Seltsam, wie sehr es ihr wehtat, dass er sich nicht von ihr anfassen lassen wollte. „Hier“, antwortete sie verständnislos. „Bei dir.“
„Okay.“ Ein schwaches Lächeln umspielte seine Mundwinkel. „Du warst bewusstlos, Becca“, sagte er unerwartet sanft. „Deshalb versuche ich gerade, deinen Bewusstseinszustand zu überprüfen. Kannst du mir sagen, wo wir sind?“
„Auf der Insel. Tokolamu.“
„Richtig. Und wie heiße ich?“
„Jet.“ Becca sprach seinen Namen langsam und deutlich aus, weil es sich gut anfühlte.
„Und mein richtiger Name?“
„James Frederick Munroe.“
„Autsch! Wieso erinnerst du dich auch noch ausgerechnet an meinen zweiten Vornamen?“
Sie lachte. „Ich erinnere mich an vieles.“
Was für eine Untertreibung. Jedes einzelne Detail war noch da. Jahrelang tief vergraben, aber dennoch glasklar. Jets finsterer Blick, sobald es auch nur im Entferntesten um Gefühle ging. Die unglaubliche Intensität in seinen dunklen Augen, wenn ihn etwas interessierte. Seine glatten nassen Haare, wenn er nach einem Sprung in den Swimmingpool wieder auftauchte. Wie er mit einem kleinen Mädchen zusammen das Leiterspiel gespielt hatte, obwohl er als Teenager doch viel interessantere Dinge hätte tun können. Becca hatte angefangen zu träumen, schon lange bevor sich irgendwelche erotischen Untertöne mit eingeschlichen hatten.
Träume, von denen sie bei jener Party mitgerissen wurde.
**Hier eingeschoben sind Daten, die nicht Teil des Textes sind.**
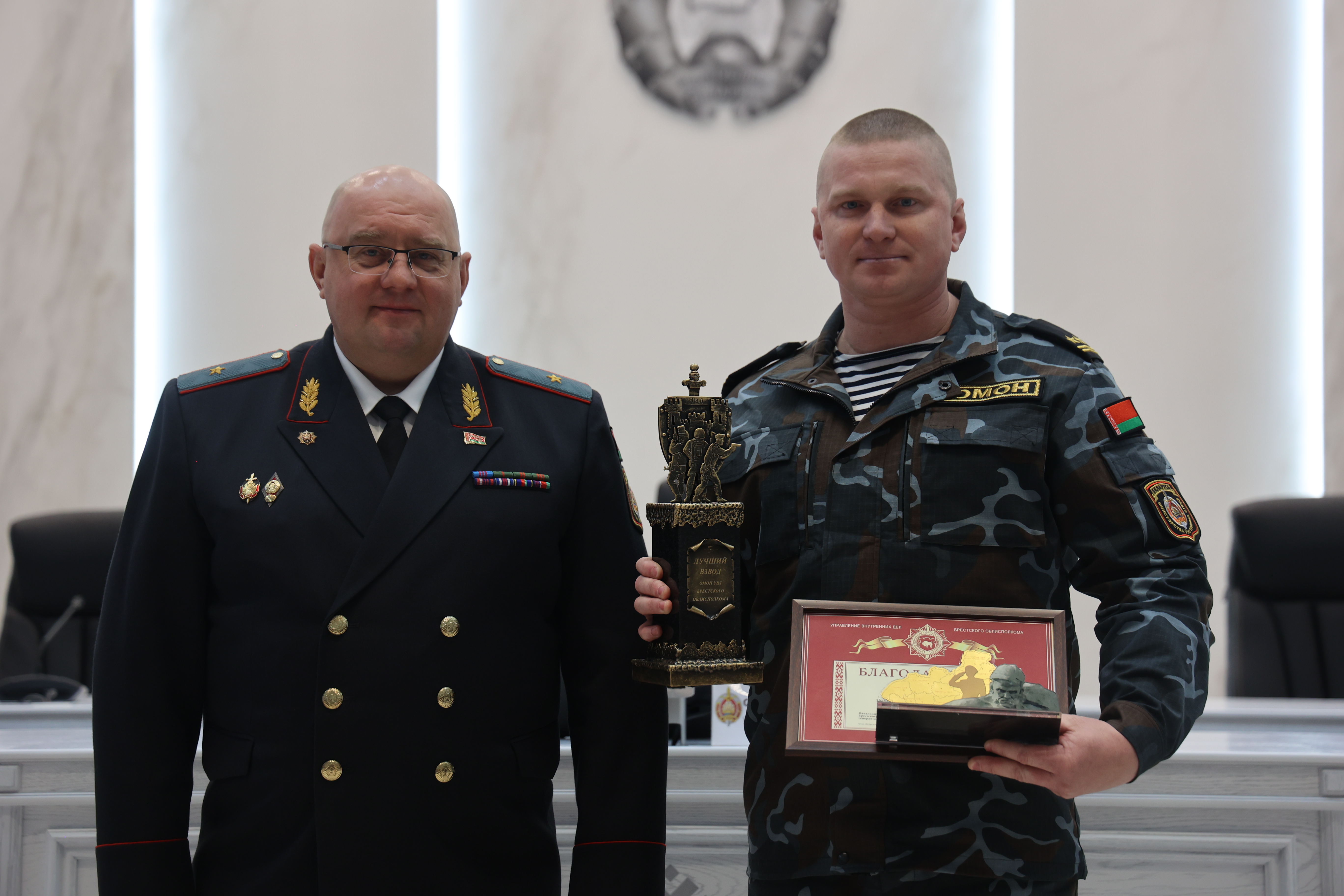Так, почетным переходящим призом отряда милиции особого назначения награжден командир взвода оперативной роты ОМОН УВД подполковник милиции Виктор Забаренко, переходящим призом имени Жигальцова Николая Николаевича – начальник отделения розыскной работы УР Барановичского ГОВД старший лейтенант милиции Илья Великевич, переходящим призом имени Шоломицкого Александра Яковлевича – старший участковый инспектор милиции ООПП Пинского ГОВД майор милиции Вадим Мемех, призом имени Наумовича Леонида Иосифовича награжден милиционер группы ППСМ Столинского РОВД старший сержант милиции Радомир Микулич, а переходящий приз имени Астафьевой Татьяны Дмитриевны увез в свой отдел участковый инспектор ИДН Столинского РОВД лейтенант милиции Владислав Буян.
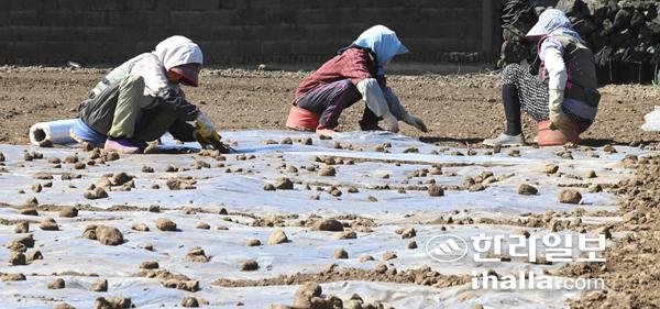 6일 제주시 애월읍의 한 밭에서 겨울에도 양파가 잘 자랄 수 있도록 비닐 씌우기 작업이 한창이다. 이상국기자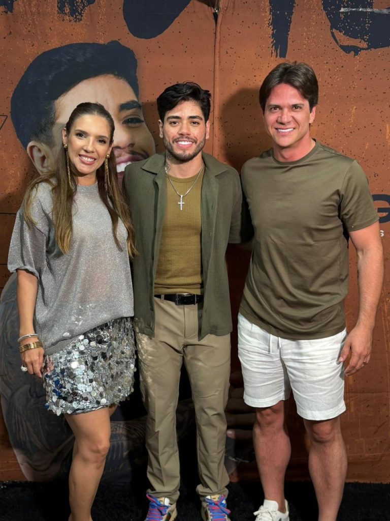 Na imagem, os gestores municipais aparecem ao lado do cantor Thiago Freitas, um dos destaques da programação carnavalesca.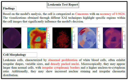 The framework also generates a patient report that summarizes the explanation (both visual and textual) of the predicted decision. This report provides details that lead to a diagnostic conclusion. It also deepens understanding of the model’s predictions within the clinical context. Hence, the proposed framework comprehensively addresses ALL detection in an interpretable and understandable manner.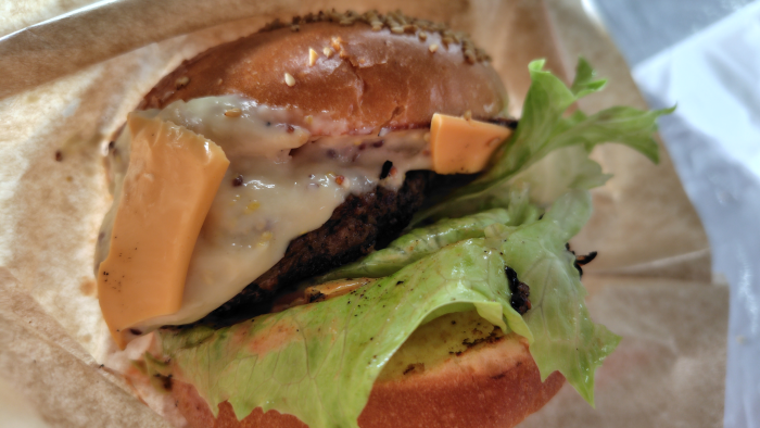 次はハンバーガー屋さんでちょっと豪華な900円のクリームチーズ和牛バーガーを頼んだけど、写真だと溢れ出るチーズだけど、実物はそれほど溢れ出てませんね。パンズもパティもいいものだとわかるけど、ちょっと好みに合わないかな?これならフィッシュバーガー頼んで近くの焼きそば頼んだ方が良かったかも?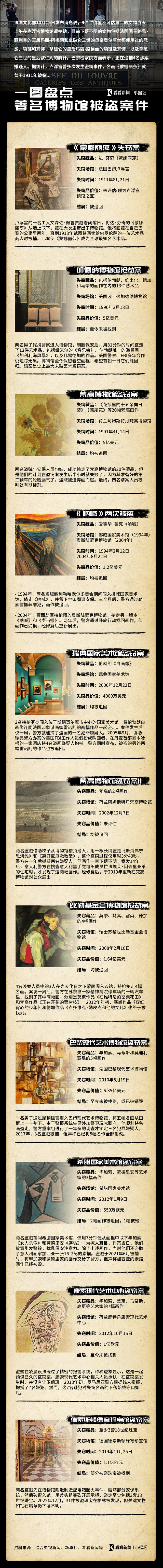 小据场丨《蒙娜丽莎》也曾失窃 一图盘点著名博物馆被盗案件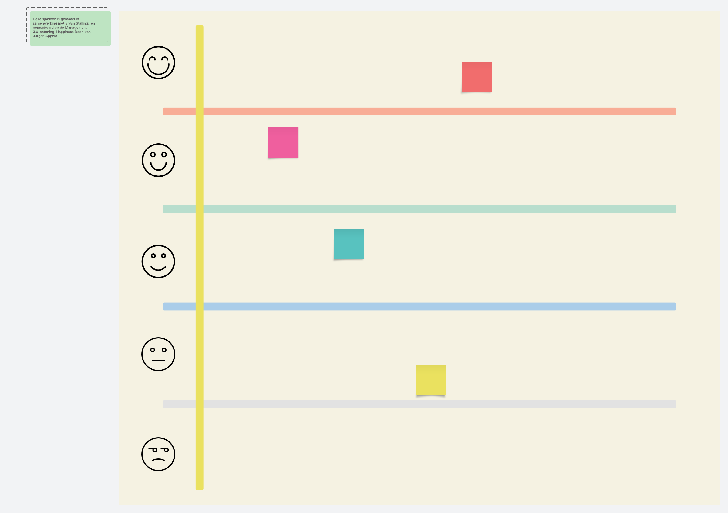 Laat deelnemers sticky notes gebruiken om feedback te geven aan de facilitator van je vergadering. Facilitators voegen deze feedbackmuursjabloon in het Lucidspark-whiteboard in en nodigen deelnemers uit om tijdens de sessie hun opmerkingen en suggesties achter te laten.

Wie aufregend es gewesen war, sich wie eine Erwachsene zu stylen. Endlich erwachsen genug zu sein, um die Gelegenheit zu ergreifen, als sie und Jet alleine in der Küche waren. Dicht nebeneinander in der engen Lücke zwischen der geöffneten Kühlschranktür und der Wand.
Ohne zu zögern, hatte Becca sich umgedreht und Jet geküsst. Noch immer konnte sie sich an den Moment erinnern, in dem ihre Lippen sich trafen. Dieses überwältigende Glücksgefühl.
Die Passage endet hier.